Monday, June 30, 2014

Somerville Writer Mitch Evich: A Geography of Peril: Essays About Growing Up in the Northwest.




 
Somerville Writer Mitch Evich: A Geography of Peril: Essays About Growing Up in the Northwest.

By Doug Holder

Somerville writer Mitch Evich has lived in our burg for many years, but he is originally from the Pacific Northwest. I  had the pleasure of interviewing him years ago about his novel The Clandestine Novelist.  Now Evich has landed with a new collection of essays. A good portion of his collection deals with salmon fishing, and its trials and tribulations. I must admit that my extent of knowledge of the heroic salmon is limited to the Nova on my morning bagel. But after reading Evich’s  A Geography of Peril… I have a better idea of what the agonies and joys are of the life of a fisherman. Evich grew up in Washington State in the 60s and 70s, worked on his dad’s boat the Independence and was privy to frustration of the oh what a tangled web we weave of fishing nets, the endless repairs of the ship, the diminishment of the fishing industry due to the successful claims of native Americans for 50% of the overall catch from salmon runs, and the endless uncertainties of making a living from this seasonal and mercurial business. Here is an evocative passage in which Evich describes his memory of the boat, his dad, the unraveling of the nets, and the fish when he was a mere lad of eight:

“When I awoke…it was to the grind of machinery, the clanging of brass rings, and the squeak of corks as the seine spooled around the enormous steel drum, seawater pattering against the drum’s drainage well.
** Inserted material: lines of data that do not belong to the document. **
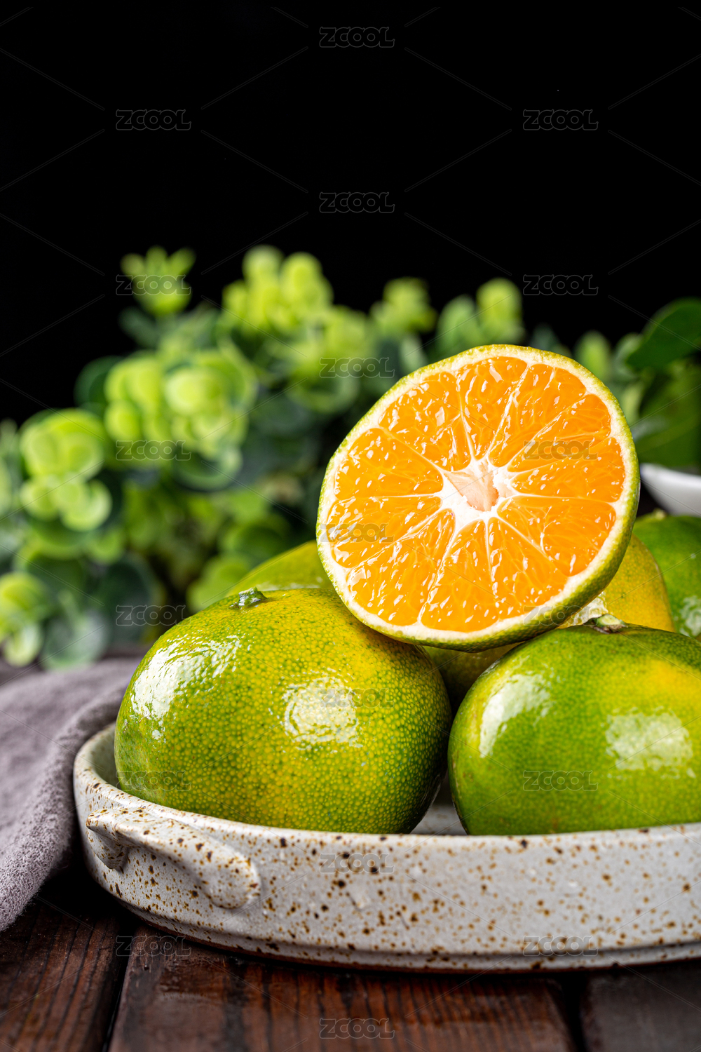 黑底上放着蜜桔和蜜桔片
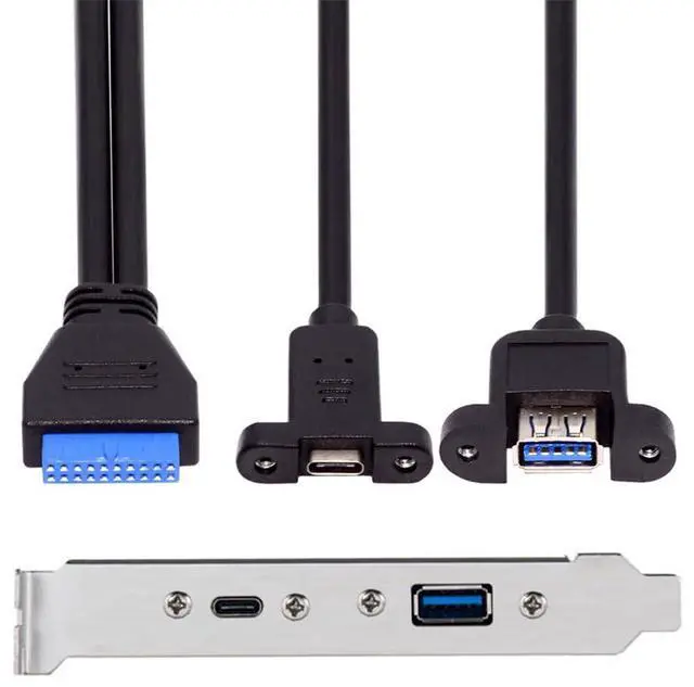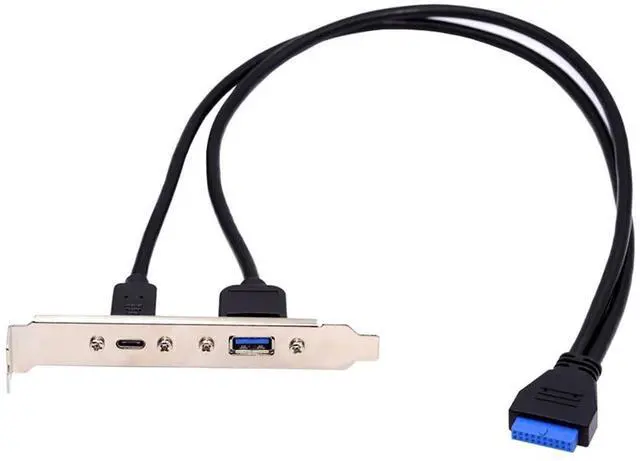 USB3.0 Motherboard 19/20Pin to USB-C Type-C & USB 3.0 Dual Ports Female PCI-E Back Panel 5Gbps Cable
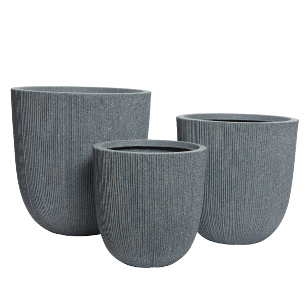 Mit diesem stilvollen Pflanzgefäß wird sofort eine ruhige, entspannte Atmosphäre geschaffen, die dem Balkon oder der Terrasse einen natürlichen Look verleiht. Die gerippte Struktur in warmen Grautönen sorgt für eine ansprechende Optik. Dank seines eleganten Designs fügt sich dieser funktionelle Außen Dekorationsartikel mühelos in verschiedene Stilrichtungen ein, von Modern bis rustikal. Ausgestattet mit einem Ablaufloch und einem Trafo für optimale Pflanzenpflege, ist das Pflanzgefäß zudem leicht und daher einfach zu bewegen. Es ist pflegeleicht und kann mit einem feuchten Tuch einfach gereinigt werden. Genießen Sie die Vorteile der gerippten Struktur!

My dad served as a spotter as I climbed the ladder at the back of the cabin, and then he positioned me, with my legs dangling beneath a very low railing, so I could safely watch the machines and the men at work. The oval-shaped ring of corks, longer than a football field, slowly shrunk. After a while a row of the brass rings emerged above the surface of the water, and two men struggled to thread the cluster of rings with a large steel contraption shaped like, and called, the ‘hairpin.’  Once the rings were out of the water, whatever salmon were in the net were trapped. Some minutes later, twenty or thirty of them landed, flapping and gasping on the fish hold covers.”

Evich goes into his family history, his high school football career, his forays into journalism after college—and all of this is informed by the siren call of his boyhood home.

****  A Geography of Peril is published by Village Books in Bellingham, WA.